• [WORK ITEM]: Make an exact copy, from the records below, of the lines from the line containing "No próximo abaixo, veja" to the line containing "目立った看板は立てず、暖簾だ", both lines included, excluding pictures.

• [DATA EXCERPTS]:
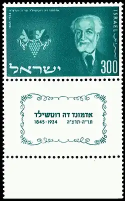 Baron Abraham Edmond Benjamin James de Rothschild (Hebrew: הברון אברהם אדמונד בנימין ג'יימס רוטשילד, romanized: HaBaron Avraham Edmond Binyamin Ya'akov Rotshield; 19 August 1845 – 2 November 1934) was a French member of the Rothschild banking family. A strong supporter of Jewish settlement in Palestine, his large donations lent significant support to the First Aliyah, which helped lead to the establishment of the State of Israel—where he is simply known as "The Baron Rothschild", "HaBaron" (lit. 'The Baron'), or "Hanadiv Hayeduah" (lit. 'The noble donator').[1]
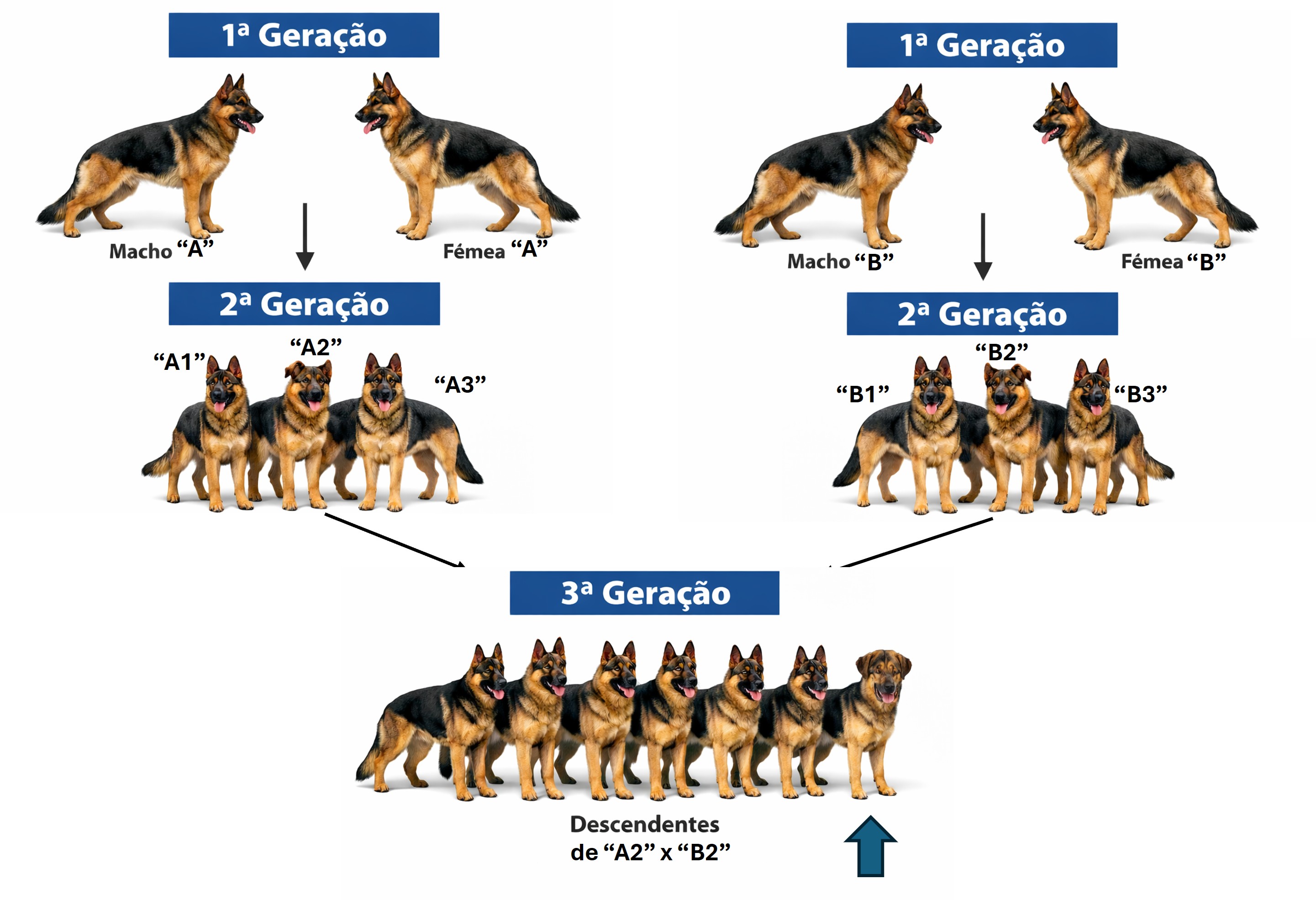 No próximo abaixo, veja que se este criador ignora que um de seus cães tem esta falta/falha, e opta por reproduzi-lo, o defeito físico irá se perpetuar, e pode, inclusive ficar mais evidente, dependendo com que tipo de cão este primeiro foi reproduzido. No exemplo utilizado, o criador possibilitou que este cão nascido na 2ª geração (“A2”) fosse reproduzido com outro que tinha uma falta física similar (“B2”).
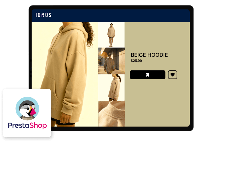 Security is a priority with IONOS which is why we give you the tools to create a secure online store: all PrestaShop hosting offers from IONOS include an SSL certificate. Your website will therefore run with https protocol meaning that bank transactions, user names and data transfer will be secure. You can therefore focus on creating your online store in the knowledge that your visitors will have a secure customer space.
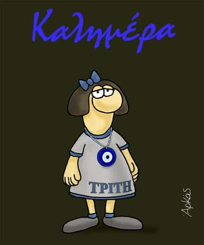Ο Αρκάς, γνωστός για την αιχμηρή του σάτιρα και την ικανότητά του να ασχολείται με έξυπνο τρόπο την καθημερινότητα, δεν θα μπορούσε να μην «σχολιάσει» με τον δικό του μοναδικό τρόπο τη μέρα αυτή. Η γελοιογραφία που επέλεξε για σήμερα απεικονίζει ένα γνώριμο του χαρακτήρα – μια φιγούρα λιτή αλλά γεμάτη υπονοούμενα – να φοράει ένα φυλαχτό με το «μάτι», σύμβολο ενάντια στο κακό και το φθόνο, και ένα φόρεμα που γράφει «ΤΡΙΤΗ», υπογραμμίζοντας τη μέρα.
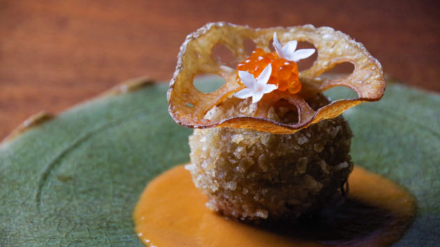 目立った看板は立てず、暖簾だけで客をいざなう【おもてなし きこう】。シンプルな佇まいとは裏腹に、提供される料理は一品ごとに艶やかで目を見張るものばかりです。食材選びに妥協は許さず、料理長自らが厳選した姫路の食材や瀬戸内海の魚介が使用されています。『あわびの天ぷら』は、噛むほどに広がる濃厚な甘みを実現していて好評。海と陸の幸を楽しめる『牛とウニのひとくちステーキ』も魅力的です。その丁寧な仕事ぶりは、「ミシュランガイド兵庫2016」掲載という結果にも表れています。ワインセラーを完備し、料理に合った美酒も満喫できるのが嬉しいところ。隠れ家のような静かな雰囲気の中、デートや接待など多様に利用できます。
---
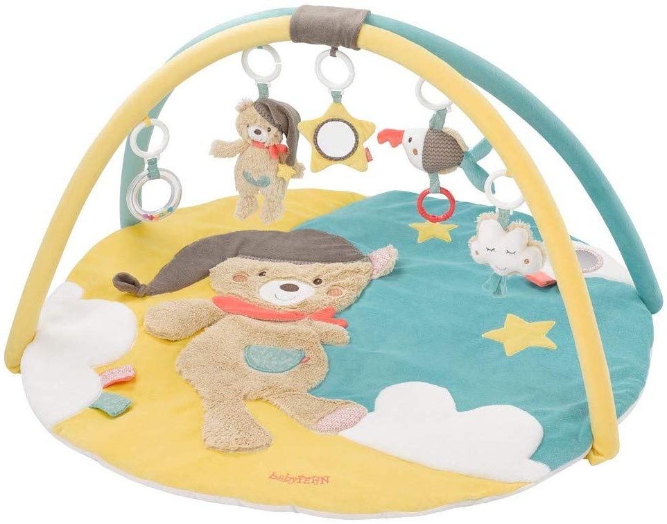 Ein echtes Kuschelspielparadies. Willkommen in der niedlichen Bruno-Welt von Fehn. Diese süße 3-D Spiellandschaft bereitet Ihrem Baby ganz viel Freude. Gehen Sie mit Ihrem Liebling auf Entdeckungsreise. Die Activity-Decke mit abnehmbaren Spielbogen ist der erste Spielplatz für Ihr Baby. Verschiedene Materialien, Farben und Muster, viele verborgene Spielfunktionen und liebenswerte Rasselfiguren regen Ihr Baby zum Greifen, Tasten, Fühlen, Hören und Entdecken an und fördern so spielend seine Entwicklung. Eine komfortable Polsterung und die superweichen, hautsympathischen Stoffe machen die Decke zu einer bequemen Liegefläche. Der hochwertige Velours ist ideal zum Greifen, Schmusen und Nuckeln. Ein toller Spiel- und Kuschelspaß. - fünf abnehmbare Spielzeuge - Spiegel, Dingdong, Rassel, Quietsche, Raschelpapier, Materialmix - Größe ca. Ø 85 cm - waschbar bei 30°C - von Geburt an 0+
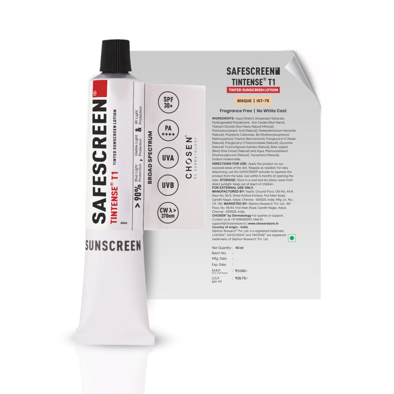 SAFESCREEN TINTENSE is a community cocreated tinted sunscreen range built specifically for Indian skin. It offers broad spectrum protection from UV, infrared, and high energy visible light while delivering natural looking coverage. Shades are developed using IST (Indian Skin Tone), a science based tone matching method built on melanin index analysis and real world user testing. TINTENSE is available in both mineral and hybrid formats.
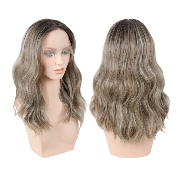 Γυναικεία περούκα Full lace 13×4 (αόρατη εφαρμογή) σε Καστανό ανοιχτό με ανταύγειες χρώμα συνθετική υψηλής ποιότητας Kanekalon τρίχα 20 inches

• [ANSWER]:
 No próximo abaixo, veja que se este criador ignora que um de seus cães tem esta falta/falha, e opta por reproduzi-lo, o defeito físico irá se perpetuar, e pode, inclusive ficar mais evidente, dependendo com que tipo de cão este primeiro foi reproduzido. No exemplo utilizado, o criador possibilitou que este cão nascido na 2ª geração (“A2”) fosse reproduzido com outro que tinha uma falta física similar (“B2”).
 Security is a priority with IONOS which is why we give you the tools to create a secure online store: all PrestaShop hosting offers from IONOS include an SSL certificate. Your website will therefore run with https protocol meaning that bank transactions, user names and data transfer will be secure. You can therefore focus on creating your online store in the knowledge that your visitors will have a secure customer space.
Ο Αρκάς, γνωστός για την αιχμηρή του σάτιρα και την ικανότητά του να ασχολείται με έξυπνο τρόπο την καθημερινότητα, δεν θα μπορούσε να μην «σχολιάσει» με τον δικό του μοναδικό τρόπο τη μέρα αυτή. Η γελοιογραφία που επέλεξε για σήμερα απεικονίζει ένα γνώριμο του χαρακτήρα – μια φιγούρα λιτή αλλά γεμάτη υπονοούμενα – να φοράει ένα φυλαχτό με το «μάτι», σύμβολο ενάντια στο κακό και το φθόνο, και ένα φόρεμα που γράφει «ΤΡΙΤΗ», υπογραμμίζοντας τη μέρα.
 目立った看板は立てず、暖簾だけで客をいざなう【おもてなし きこう】。シンプルな佇まいとは裏腹に、提供される料理は一品ごとに艶やかで目を見張るものばかりです。食材選びに妥協は許さず、料理長自らが厳選した姫路の食材や瀬戸内海の魚介が使用されています。『あわびの天ぷら』は、噛むほどに広がる濃厚な甘みを実現していて好評。海と陸の幸を楽しめる『牛とウニのひとくちステーキ』も魅力的です。その丁寧な仕事ぶりは、「ミシュランガイド兵庫2016」掲載という結果にも表れています。ワインセラーを完備し、料理に合った美酒も満喫できるのが嬉しいところ。隠れ家のような静かな雰囲気の中、デートや接待など多様に利用できます。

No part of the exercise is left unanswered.